Because of the different rand() functions installed on different systems, please run your experiments on GL only. That way when we compare results reported by different students, we can be assured that the differences are not due to different pseudo-random generators used.


Implementation Notes


Files

Here are the available files all in one place:


What to Submit

You must submit the following files to the proj5/src directory.

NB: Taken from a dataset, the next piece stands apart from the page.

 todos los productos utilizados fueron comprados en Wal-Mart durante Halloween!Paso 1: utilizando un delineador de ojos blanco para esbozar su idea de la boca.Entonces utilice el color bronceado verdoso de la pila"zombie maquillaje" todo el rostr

The output.txt file should be the concatenation of the output from all runs of your program. You can concatenate files together using the Unix cat command:

cat run1.txt run2.txt run3.txt > output.txt

Don't forget to report your data in the Google form:

(You must be logged into your UMBC Google account.)


Discussion Topics

Here are some topics to think about:

  1. The description above only picks among the auxiliary slots for ejection. Can we eject the string stored in the primary slot? Explain.
  2. How can you determine if the number of items that hash to the same primary slot exceeds the degree? Is it worthwhile to maintain this information in the "production" code?
  3. Is it possible for two auxiliary slots picked in the manner described above to end up being the same index in H? (Hint: Yes.) How? Does it matter? (Hint: Shouldn't.) What if an auxiliary slot picked randomly just happens to have the index of the primary slot?